(What the exercise asks):
From the line containing "Pogovor ob ločitvi programov RK - C 1979." down to the last line of the data, output each line word for word and include nothing else.

(Data segment):

━━━━━━

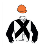
Erick Bec de la Motte
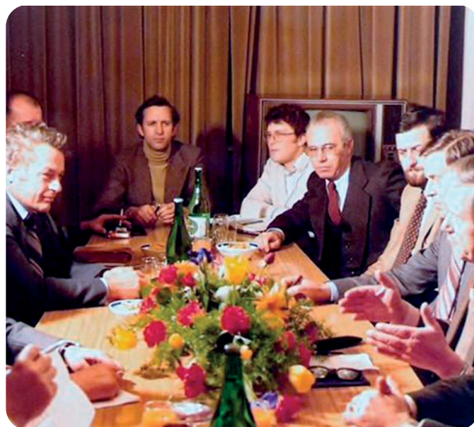
Pogovor ob ločitvi programov RK - C 1979.

»Marsikaj smo si upali. Celo dogodke z Roške ceste smo neposredno prenašali, čeprav jih Radio Ljubljana ni. Preprosto smo se priključili na Radio Študent in prenašali dogajanje. Vojno programsko shemo v času osamosvajanja Slovenije smo v regionalnem centru v Kopru začeli dan prej, ker so se dogodki na Primorskem odvijali prej kot drugod po Sloveniji. Takrat smo bili najbolj poslušani radio, bili smo servis za ostale medije. Za to sem moral sprostiti novinarja, da je lahko servisiral novinarje dopisnike, ki so delali v Kopru in posredovali informacije kolegom v Trstu. Program so neposredno, v živo, vodile novinarke in novinarji, ki so se izmenjavali praktično ves čas vojne.«

━━━━━━

(Solution):
Pogovor ob ločitvi programov RK - C 1979.

»Marsikaj smo si upali. Celo dogodke z Roške ceste smo neposredno prenašali, čeprav jih Radio Ljubljana ni. Preprosto smo se priključili na Radio Študent in prenašali dogajanje. Vojno programsko shemo v času osamosvajanja Slovenije smo v regionalnem centru v Kopru začeli dan prej, ker so se dogodki na Primorskem odvijali prej kot drugod po Sloveniji. Takrat smo bili najbolj poslušani radio, bili smo servis za ostale medije. Za to sem moral sprostiti novinarja, da je lahko servisiral novinarje dopisnike, ki so delali v Kopru in posredovali informacije kolegom v Trstu. Program so neposredno, v živo, vodile novinarke in novinarji, ki so se izmenjavali praktično ves čas vojne.«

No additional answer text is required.